Still making a splash

Symphony Splash to celebrate Victoria’s 150th anniversary

Symphony Splash will be filling Victoria’s Inner Harbour with the sounds of music on Sunday

Symphony Splash will be filling Victoria’s Inner Harbour with the sounds of music on Sunday

Fanfare, theatrics and serene reflection will all be a part of the 23rd annual Symphony Splash taking place Sunday, Aug. 5 from 1 to 10 p.m. in Victoria’s Inner Harbour.

This year the Victoria Symphony is helping to celebrate the City of Victoria’s 150th anniversary with a pair of specially prepared pieces for the Splash.

Composer Chan Ka Nin has prepared a piece of music titled Harmonious Interest. Through music and narration the work celebrates the history of the city, focusing on First Nations heritage, the city’s British roots, the Chinatown area and other aspects of the city’s identity.

“Music has a way of very much representing our culture and very much presenting who we are,” music director Tania Miller said. “That’s what we tried to grab in the programming around this 150th anniversary, to just really feel the essence of what Victoria is.”

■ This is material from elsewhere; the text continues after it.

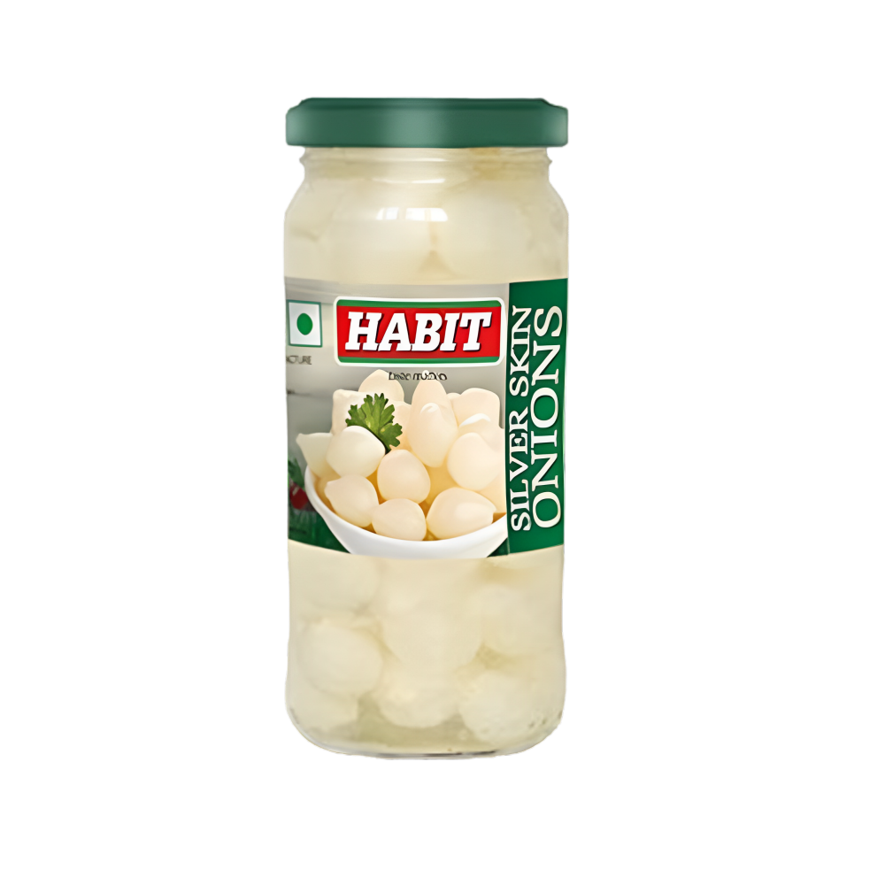 Habit Silver Skin Onions are small, crisp onions pickled to perfection, offering a tangy and slightly sweet flavor profile. These onions are carefully selected for their quality and preserved in a brine solution, ensuring they retain their crunchy texture and delightful taste. Perfect for adding a zesty kick to salads, sandwiches, charcuterie boards, and appetizers, they are a versatile addition to any kitchen.

Oak Bay resident and composer Tobin Stokes’ Inner Harbour Overture will be the first piece performed by the symphony.

Using both live and recorded sounds, the piece utilizes the common sounds of the Inner Harbour, including the horn of the Coho Ferry, the rumble of the Johnson Street Bridge and the ringing of nearby cathedral bells.

The remainder of the program features crowd favourites and canonical classics.

Among the selections will be the theme from Mission: Impossible and a medley of famous works by film composer John Williams in celebration of his 80th birthday, which will include The Imperial March.

Liszt’s Hungarian Dance No. 2 will also be performed, as well as Tchaikovsky’s 1812 Overture, accompanied by fireworks. Pipers will close out the night with Amazing Grace.

Miller said that the greatest joy for her is to see the journey the crowd goes on as the event progresses, and the sense of community that develops.

“Everybody just feels so really, truly blessed to be in this great place, with all these people around,” Miller said. “It sort of goes from a party atmosphere to one that’s more serene, and spiritual perhaps. So the music is, for me, this really great marriage between what it is to be people and what it is to all come together as a community and to capture those energies.”

The performance is viewable from throughout the Inner Harbour. The upper and lower causeways around the harbour are the most coveted spots, and among the best for those willing to come early and stake claim. Reserved seating is available in the grand stand for a price. Boaters with small vessels (canoes, kayaks, rowboats) can watch from the water in front of the stage.

Food vendors of all types will be on hand in the Splash Culinary Corner. The family zone will be open from 1 to 5 p.m. and will feature a bouncy castle, an instrument petting zoo and its own stage with live music. The Midnights will also play on the main stage at 4 p.m. to give the audience a chance to take part in a street dance.